In our house cauliflower dinners were me and my brother's favorite, we developed stealthy skills to steal a piece or two away from my mom as she was cooking and always invited friends over for a taste of our mom's culinary genius.
This week when my mom decided to air-mail a full head of organic cauliflower, I had to use it up quick and could think of no better way than making my mom's famous dish. Not only that, but I decided to document it so that I could share it with you all!
With no further ado:
Mom's Cauliflower
Ingredients:
A head of Cauliflower sectioned up
4 eggs
2-3 cups of breadcrumbs
1 1/2 cup of vegetable oil
Steps:
Place all the cauliflower into a pot and cover with water. Bring water to a boil and boil until cauliflower is tender, but not soft. You should be able to stick a fork in it without resistance, however watch that you don't boil it till it falls apart. The difference between the two extremes is about a minute in boiling time, so watch closely.
Remove from water when the cauliflower is done and allow to cool.
Prepare your egg wash, by beating the four eggs until you have an even consistency. Coat your cauliflower in egg and then transfer into the breadcrumbs. Cover the cauliflower in a small mound of breadcrumbs, pressing firmly on top. Take out your little 'tree' and toss it back and forth between your hands to remove any excess crumbs, and then place on the side. Repeat until you have all your cauliflower covered.
In a pan, heat the vegetable oil on a medium heat (this is important so that your cauliflower doesn't burn) and fry your cauliflower until golden brown. Rotate the 'trees' as necessary trying to get them as evenly brown from all sides as possible. When finished place on a paper towel to absorb excess oil. When you put the next batch of cauliflower in, remember that your oil will be even hotter so watch more closely that your breadcrumbs don't burn.
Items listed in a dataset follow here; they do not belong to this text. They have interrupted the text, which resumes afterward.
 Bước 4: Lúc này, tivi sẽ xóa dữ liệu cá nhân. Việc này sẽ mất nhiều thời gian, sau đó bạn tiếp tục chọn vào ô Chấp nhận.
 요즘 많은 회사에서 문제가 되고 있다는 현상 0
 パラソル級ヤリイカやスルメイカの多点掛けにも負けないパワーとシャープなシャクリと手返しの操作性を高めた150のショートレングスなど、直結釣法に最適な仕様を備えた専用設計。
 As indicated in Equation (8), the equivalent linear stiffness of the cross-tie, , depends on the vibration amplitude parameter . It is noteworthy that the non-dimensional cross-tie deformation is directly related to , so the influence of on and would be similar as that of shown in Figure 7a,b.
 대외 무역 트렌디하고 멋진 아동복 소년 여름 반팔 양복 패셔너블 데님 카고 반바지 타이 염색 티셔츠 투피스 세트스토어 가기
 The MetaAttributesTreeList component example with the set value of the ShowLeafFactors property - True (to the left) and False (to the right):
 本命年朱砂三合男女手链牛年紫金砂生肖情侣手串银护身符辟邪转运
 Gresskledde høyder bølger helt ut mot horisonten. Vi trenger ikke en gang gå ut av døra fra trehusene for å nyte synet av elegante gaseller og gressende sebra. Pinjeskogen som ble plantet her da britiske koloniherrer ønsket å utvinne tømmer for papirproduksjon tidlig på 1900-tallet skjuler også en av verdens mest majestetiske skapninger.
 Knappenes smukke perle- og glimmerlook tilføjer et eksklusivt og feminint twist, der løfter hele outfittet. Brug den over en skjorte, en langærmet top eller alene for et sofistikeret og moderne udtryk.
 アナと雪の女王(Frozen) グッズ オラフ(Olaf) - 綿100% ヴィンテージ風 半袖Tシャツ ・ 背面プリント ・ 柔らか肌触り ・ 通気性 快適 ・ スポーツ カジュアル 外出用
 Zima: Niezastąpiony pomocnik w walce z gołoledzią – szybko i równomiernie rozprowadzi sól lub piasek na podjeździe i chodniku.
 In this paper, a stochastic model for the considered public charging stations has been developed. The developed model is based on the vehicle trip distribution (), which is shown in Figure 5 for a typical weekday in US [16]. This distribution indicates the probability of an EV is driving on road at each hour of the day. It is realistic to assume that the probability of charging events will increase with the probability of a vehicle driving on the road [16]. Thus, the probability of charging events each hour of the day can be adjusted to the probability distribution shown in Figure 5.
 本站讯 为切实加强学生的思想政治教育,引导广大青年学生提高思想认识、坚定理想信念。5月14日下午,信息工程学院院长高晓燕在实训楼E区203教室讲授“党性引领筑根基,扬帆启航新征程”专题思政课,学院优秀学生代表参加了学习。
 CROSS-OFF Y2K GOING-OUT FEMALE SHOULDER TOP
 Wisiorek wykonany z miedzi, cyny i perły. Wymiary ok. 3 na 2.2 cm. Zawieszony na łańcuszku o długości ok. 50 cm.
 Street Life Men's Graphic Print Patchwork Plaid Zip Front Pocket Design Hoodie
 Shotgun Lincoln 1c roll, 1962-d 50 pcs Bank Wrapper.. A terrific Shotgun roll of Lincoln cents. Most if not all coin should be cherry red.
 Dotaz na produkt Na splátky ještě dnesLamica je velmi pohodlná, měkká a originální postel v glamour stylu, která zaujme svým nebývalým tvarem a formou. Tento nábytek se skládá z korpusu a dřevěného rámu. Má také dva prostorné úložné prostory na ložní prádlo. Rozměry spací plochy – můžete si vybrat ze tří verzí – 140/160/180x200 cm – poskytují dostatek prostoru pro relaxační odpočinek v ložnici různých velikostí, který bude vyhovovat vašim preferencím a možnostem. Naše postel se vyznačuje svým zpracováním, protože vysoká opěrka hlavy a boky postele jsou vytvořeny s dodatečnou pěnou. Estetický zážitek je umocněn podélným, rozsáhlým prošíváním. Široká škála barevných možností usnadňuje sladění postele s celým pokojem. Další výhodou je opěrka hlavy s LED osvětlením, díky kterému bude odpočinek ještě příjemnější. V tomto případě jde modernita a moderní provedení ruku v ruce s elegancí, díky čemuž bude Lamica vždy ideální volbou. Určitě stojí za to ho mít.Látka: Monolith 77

Serve with tartar sauce and potatoes.
My mom used to just make boiled potatoes with caraway seeds, salt and melted butter.
The tartar sauce I got once again from Chuck's Day Off, though I didn't use the arugula I still found that it turned out great! Here is the recipe below:
Tartar Sauce
- 4 tbsp mayonnaise
- 1 bunch arugula, chopped
- 1 large shallot, finely chopped
- 1 large dill pickle, chopped
- 1 tbsp capers, chopped
- 2 anchovies, minced
Tartar Sauce
- Place 4 tablespoons of mayo in a bowl and add all your ingredients finely diced.
- Mix together. Mixture should be green, chunky and not too runny.